Jorge Costa Oliveira
Last Thursday marked the expiration of New START, the last remaining bilateral agreement – between Russia, with 5,459 nuclear warheads, and the United States, with 5,177 – under which the two nuclear superpowers [controlling about 90% of the world’s nuclear weapons] committed to “reduce and limit their strategic offensive arms” to 1,550 warheads each.
The U.S. and Russia did not even open negotiations on extending the treaty, and China has already made clear that it does not agree with Trump’s proposal to trilateralize the agreement. As a result, Russia and the United States are no longer subject to any legal limits on their nuclear arsenals.
Repeated threats by the Russian leadership to use nuclear weapons in the war in Ukraine, combined with the stance of the American leadership – with a “New Security Strategy” centered on a regionally focused imperialism – leave none of their allies feeling secure.
The resulting uncertainty is driving an arms race, both in conventional and nuclear weapons. At the same time, the repeated violation of international law by the U.S. and Russia legitimizes other powers in denouncing or failing to comply with international treaties aimed at preventing the proliferation of nuclear weapons.
In regions marked by conflicts between regional powers, nuclear proliferation had already begun. This is the case in South Asia, with India (172 nuclear warheads) and Pakistan (170), and in the Middle East, with Israel (90) and Iran.
In the Far East, the lack of confidence in the American superpower is leading Japan to rearm. South Korea is also likely to seek to ensure its strategic autonomy in response to the U.S. pullback. In both cases, rearmament is unlikely to stop at conventional weapons, given the external security threats posed by Russia, China, and North Korea (50).
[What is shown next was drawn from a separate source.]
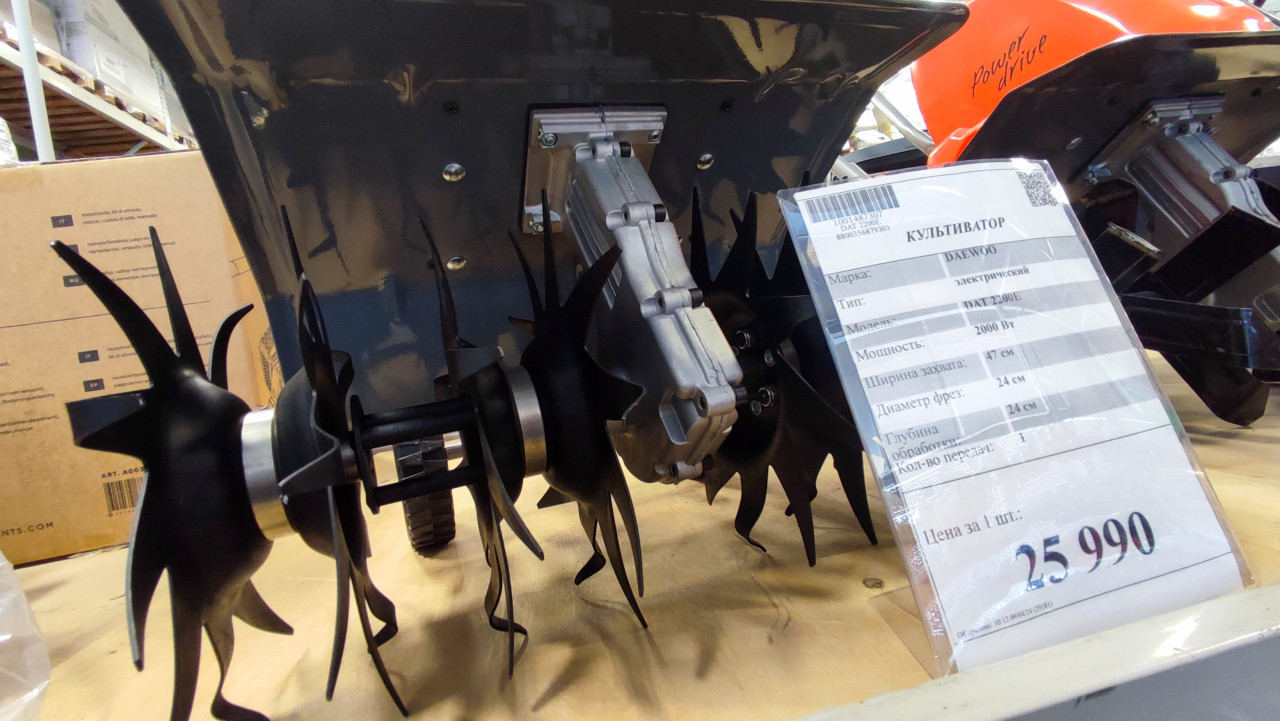 садовая техника магазин ритейл оборудование для сада ассортимент витрина выбор техники дачный инвентарь культиватор DAEWOO DAT 2200E фрезы металлические фрезы крупный план редуктор ценник характеристики товара обработка почвы инструмент для огорода электрический культиватор стеллаж демонстрация товара бытовая техника техника для дачи электрический инструмент демонстрационный образец каталог товаров механизация оборудованиеПохожие фотографии

Europe, too, cannot realistically count on U.S. intervention in the event of Russian aggression. After decades of illusions about “shared interests” with the United States, Europe has finally decided to take responsibility for its own defense. The new European policy of conventional rearmament will take time to implement and will be slowed by Russian Trojan horses that have come to power – or may yet come to power – in several European countries.
In any case, history shows that the only way to guarantee European security and prevent aggression from an increasingly militarized imperialistic Russia is nuclear deterrence – that is, through the creation of a nuclear arsenal by frontline European countries such as Poland. Poland has already stated loudly and clearly that it will have / acquire nuclear weapons. Some Nordic and Baltic countries have already said they would accept the deployment of nuclear weapons. Germany is likely to follow Poland’s path.
Moreover, if the U.S. and Russia are unwilling to reduce their colossal nuclear arsenals, if erratic, transactional American governments led by corrupt individuals cannot be trusted, if middle powers already possess nuclear weapons, why should European countries – betrayed by the current American leadership – forgo them, when they are essential to Europe’s defense?